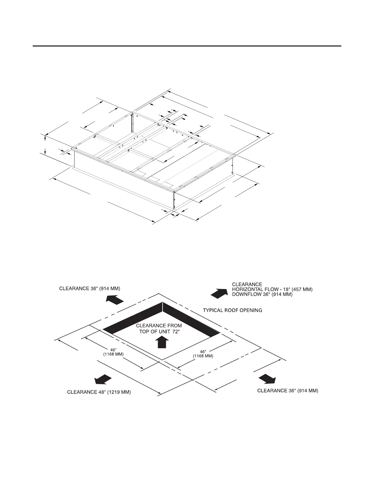 Figure 13. 7½ (dehumidification) - 10 ton high efficiency- unit clearance and roof opening
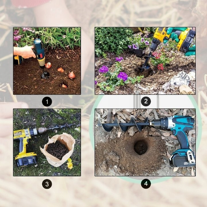 Konstrukcja spiralna ułatwiająca wiercenie w ziemi. Użyj świdra glebowego w odpowiednim terenie przy niskiej prędkości i uśmiechaj się podczas pracy. Otwór można wywiercić w kilka sekund.
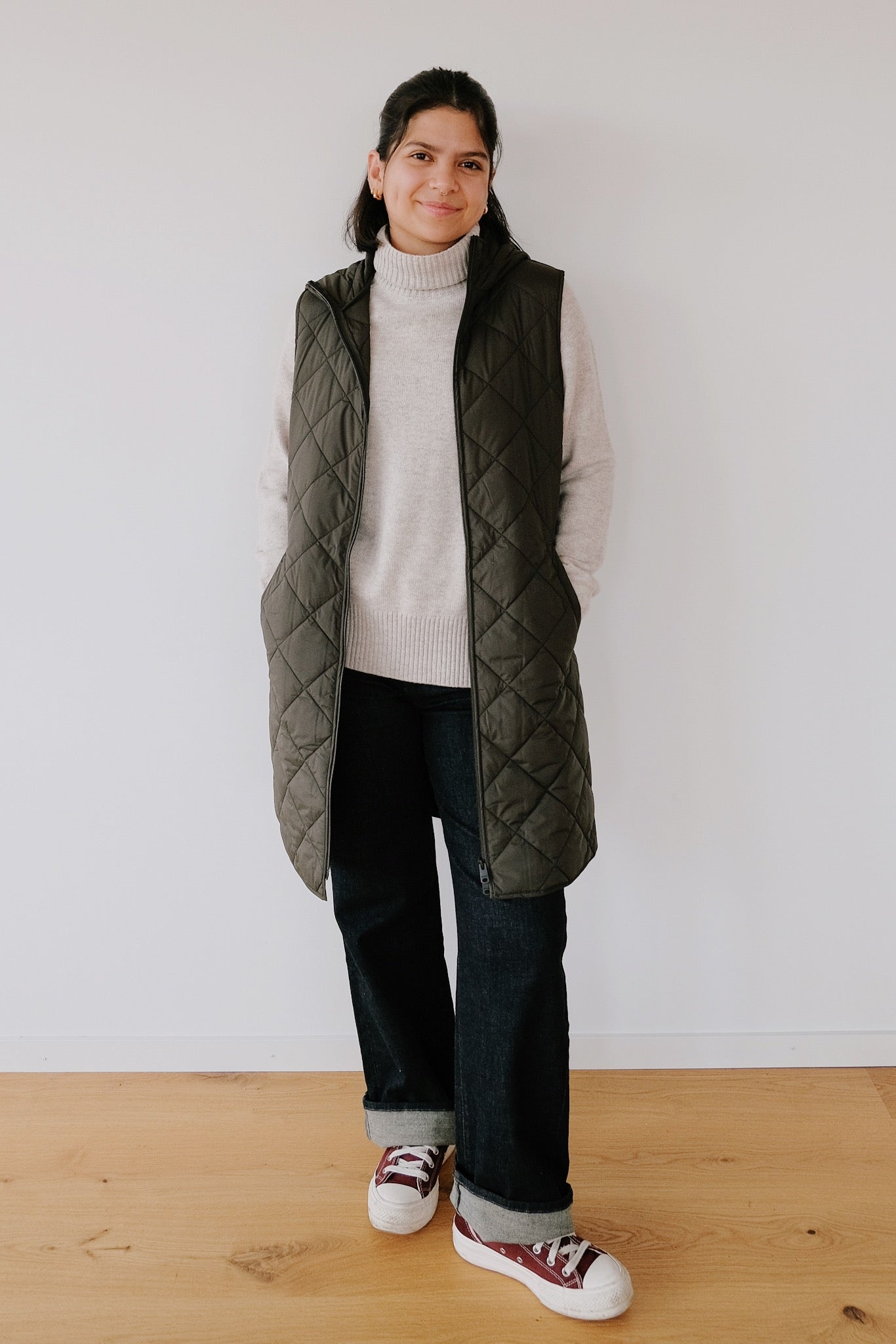 This quilted vest is the ultimate go-to for those in-between days-or a cozy layer under your coat when it’s chilly. Made from recycled polyester, it adds just the right amount of warmth. With a unisex fit, pick a smaller size if you want it to hug you just right!
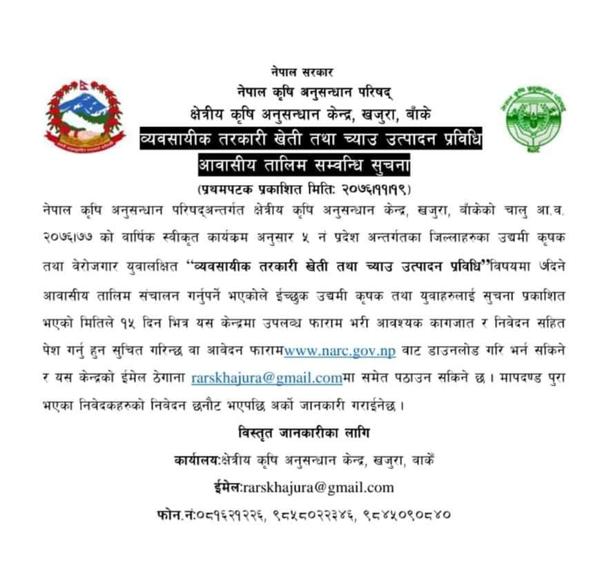 बाँके। नेपाल कृषि अनुसन्धान परिषद् क्षेत्रीय कृषि अनुसन्धान केन्द्र खजुरा बाँकेले आर्थिक वर्ष ७६ / ७७ को स्वीकृत वार्षिक कार्यक्रम अन्र्तगत व्यवसायीक तरकारी खेती तथा च्याउ उत्पादन प्रविधि आवासीय तालिम संचालन गर्ने भएको छ । यसका लागि केन्द्रले सूचना प्रकाशित गरी प्रदेश नं ५ भित्रका उद्यमी कृषक, तथा वेरोजगार युवाहरुलाई सूचना प्रकाशित भएको मितिले १५ दिन भित्र आवश्यक कागजात र निवेदन सहित पेश गर्न आव्हान गरेको छ ।
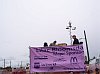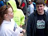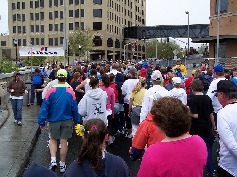 Got Chip? They tried to be creative with their signs to get your attention and remind you to drop your chip off. (Your official time was on it, so you wouldn't get recorded if you didn't drop it off.) We are near the other end of the bridge here, and we see that the line ahead takes a sharp turn to the left. The open space between the people was about to disappear as we pressed in to get our tee-shirts. |
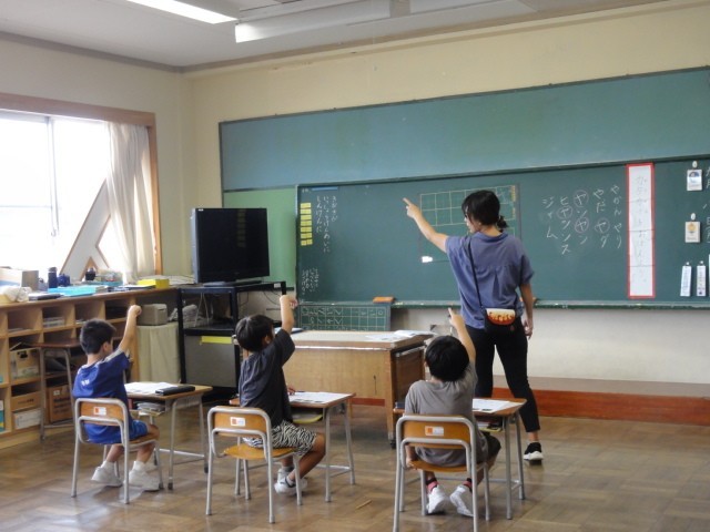 1年生は、国語科で片仮名の学習をしています。指で筆順を確かめながら、丁寧に文字を書いていました。
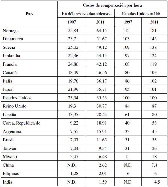 La caída del poder adquisitivo del salario ha sido abrupta, contrario a los efectos positivos augurados por la apertura comercial. En los hechos, las ventajas competitivas de México ante el comercio internacional están sustentadas en la mano de obra barata y relativamente calificada. La Tabla 1 presenta los costos de compensación en la industria manufacturera para 2011; los costos en México representan 18% de los correspondientes a Estados Unidos, principal socio comercial. Dichos datos dejaron de publicarse en 2011 por las diferencias metodológicas para captar la información en cada país, particularmente en China e India.
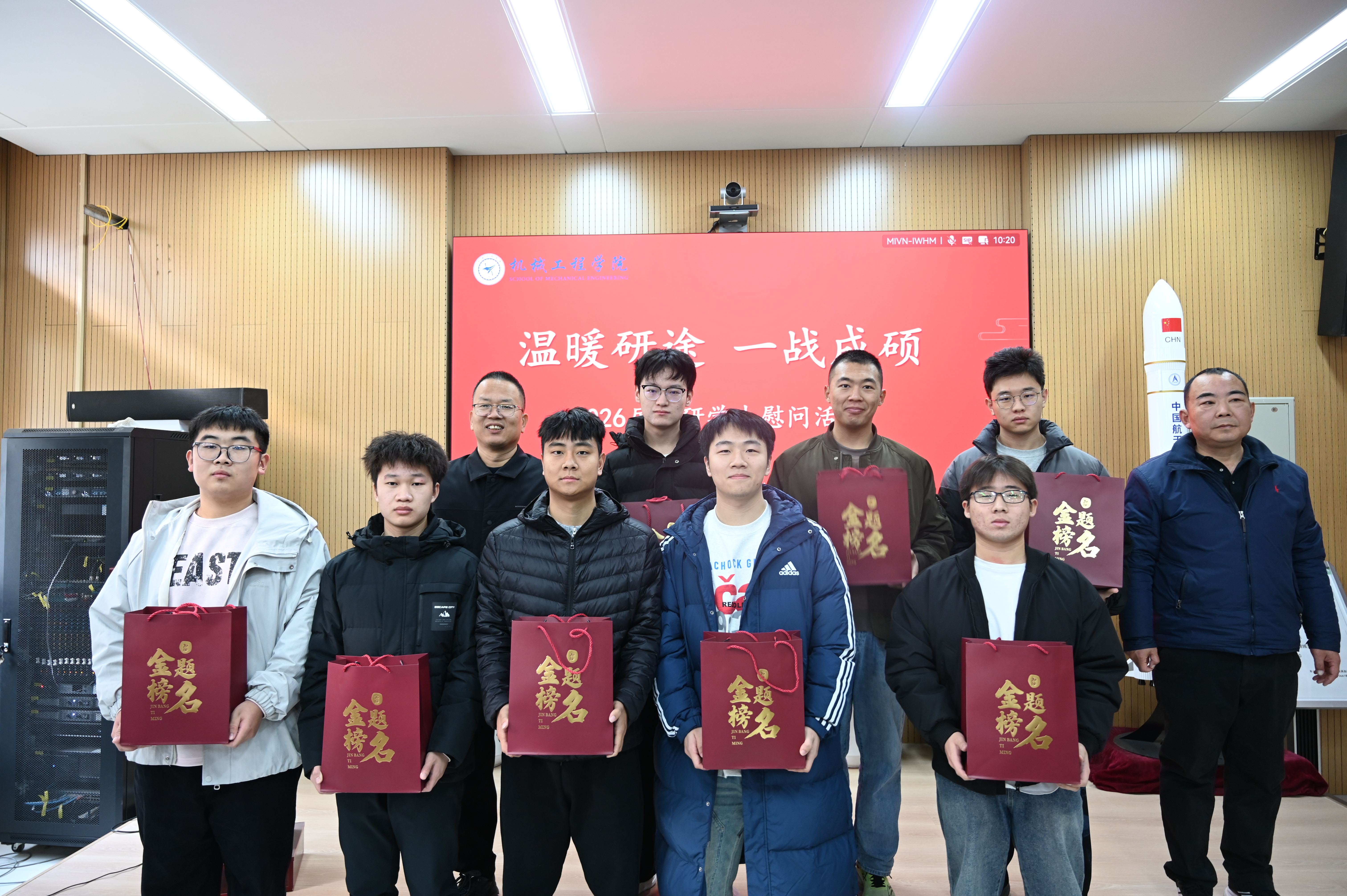 机械工程学院相关负责人表示,学院历来高度重视毕业生考研工作,始终将其作为人才培养的重要环节,从学业指导、心理疏导、资源保障、家庭经济困难学生考研期间伙食补助到复试帮扶,多措并举为考研学子搭建全方位支持平台。此次慰问活动既是学院关怀学子的具体体现,更是对大家冲刺备考的有力鼓劲,希望通过这份暖心关怀,帮助学子们卸下压力、轻装上阵,以更饱满的状态迎战考试。
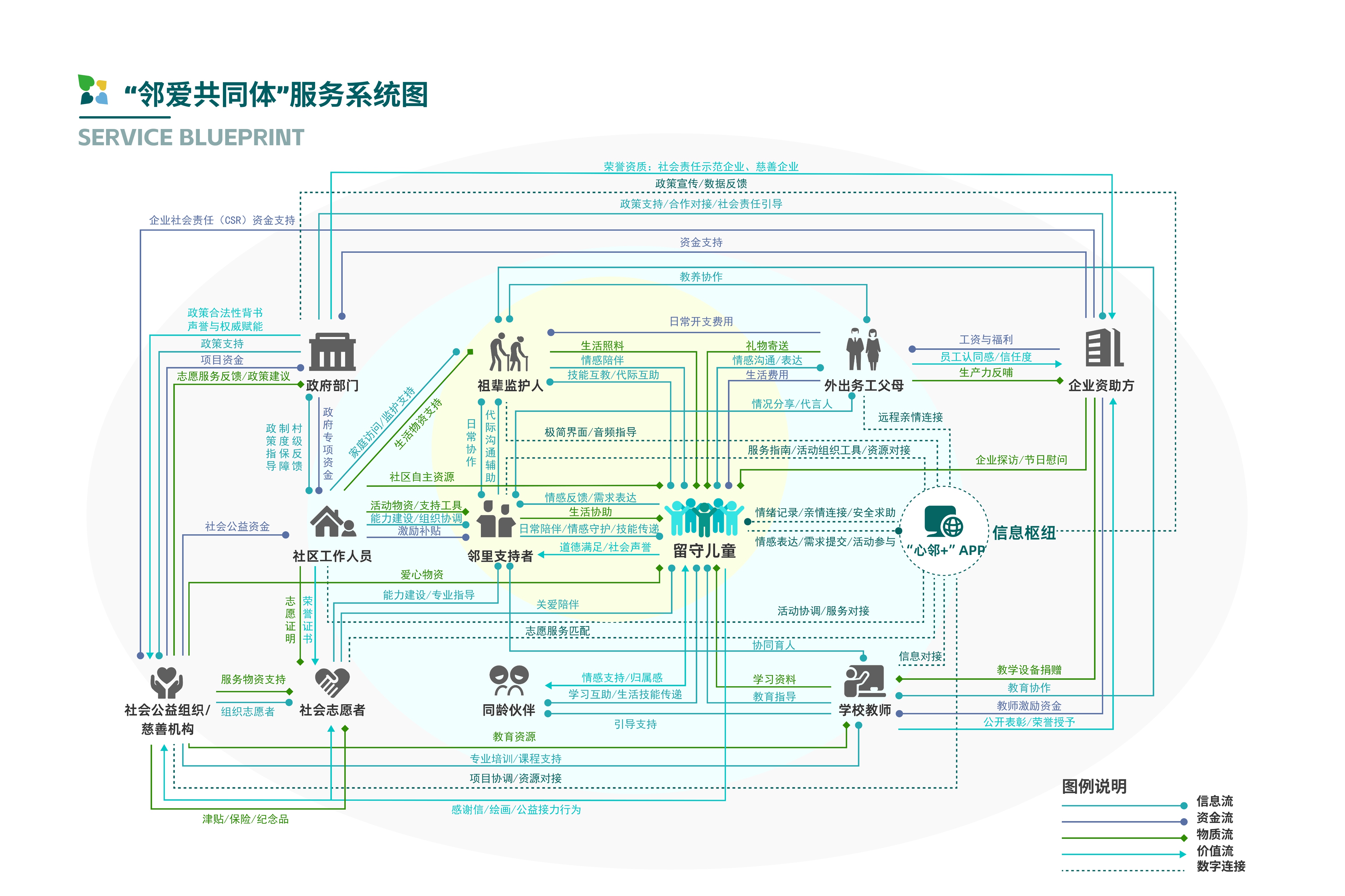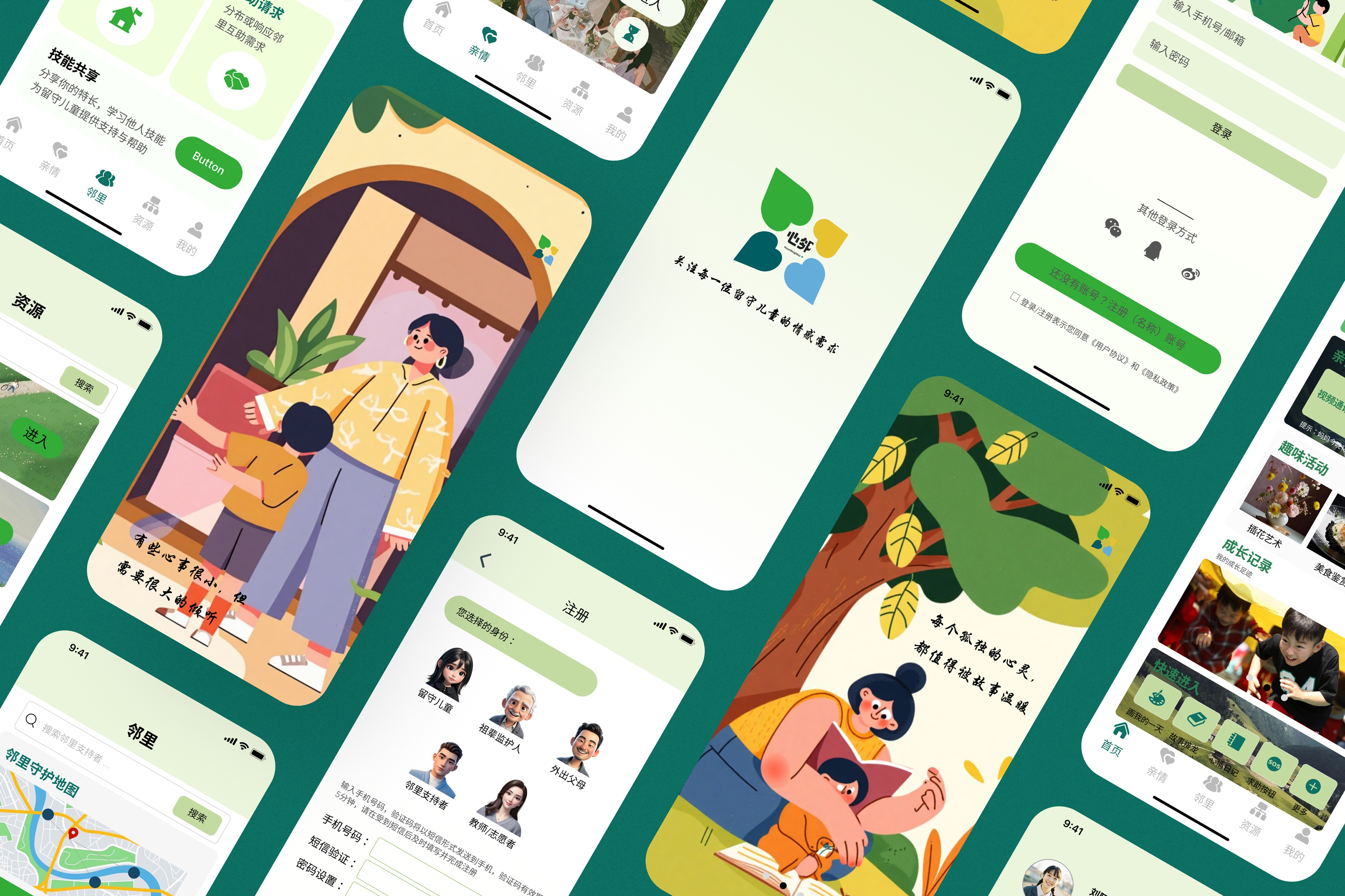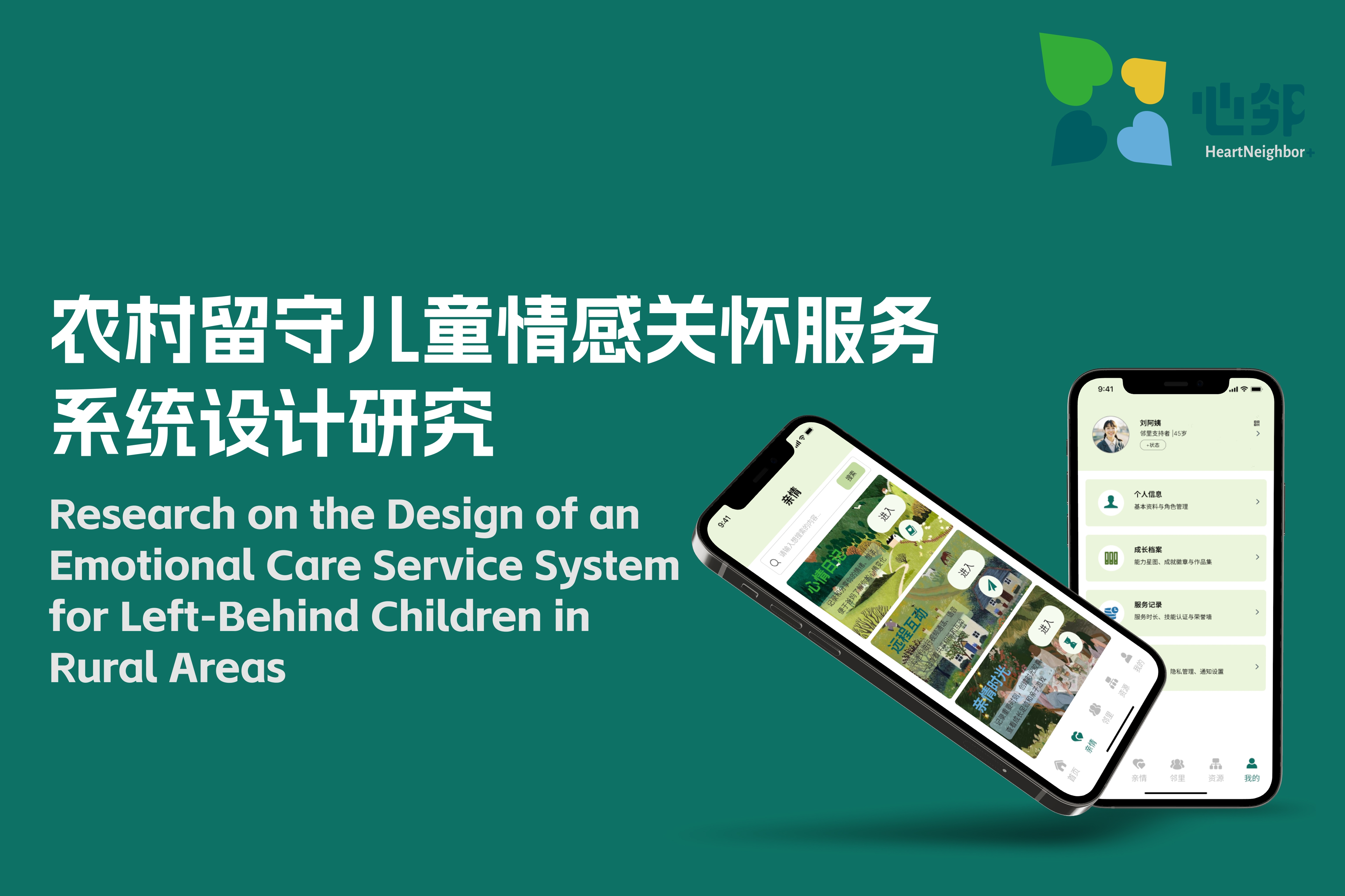 This design aims to build an emotional care service system for rural left-behind children, alleviating emotional deficiencies caused by parent-child separation. Combining localization, multi-stakeholder symbiosis, and sustainability principles, it activates neighborhood mutual assistance resources and constructs a collaborative network. The design creates a "Neighborhood Love Community" service system offline while developing the "Heart Neighbor+" APP to enhance resource connections online. Through this "offline service + online assistance" model, it ensures both the genuine warmth of emotional support and improves service accessibility and continuity.

TASK DIRECTIONS
Once the line containing "1年生は、国語科で片仮名の学" has been found, write out exactly that line and each one after it through the end of the data, leaving out every picture.

ANSWER BELOW
 1年生は、国語科で片仮名の学習をしています。指で筆順を確かめながら、丁寧に文字を書いていました。
 La caída del poder adquisitivo del salario ha sido abrupta, contrario a los efectos positivos augurados por la apertura comercial. En los hechos, las ventajas competitivas de México ante el comercio internacional están sustentadas en la mano de obra barata y relativamente calificada. La Tabla 1 presenta los costos de compensación en la industria manufacturera para 2011; los costos en México representan 18% de los correspondientes a Estados Unidos, principal socio comercial. Dichos datos dejaron de publicarse en 2011 por las diferencias metodológicas para captar la información en cada país, particularmente en China e India.
 机械工程学院相关负责人表示,学院历来高度重视毕业生考研工作,始终将其作为人才培养的重要环节,从学业指导、心理疏导、资源保障、家庭经济困难学生考研期间伙食补助到复试帮扶,多措并举为考研学子搭建全方位支持平台。此次慰问活动既是学院关怀学子的具体体现,更是对大家冲刺备考的有力鼓劲,希望通过这份暖心关怀,帮助学子们卸下压力、轻装上阵,以更饱满的状态迎战考试。
 This design aims to build an emotional care service system for rural left-behind children, alleviating emotional deficiencies caused by parent-child separation. Combining localization, multi-stakeholder symbiosis, and sustainability principles, it activates neighborhood mutual assistance resources and constructs a collaborative network. The design creates a "Neighborhood Love Community" service system offline while developing the "Heart Neighbor+" APP to enhance resource connections online. Through this "offline service + online assistance" model, it ensures both the genuine warmth of emotional support and improves service accessibility and continuity.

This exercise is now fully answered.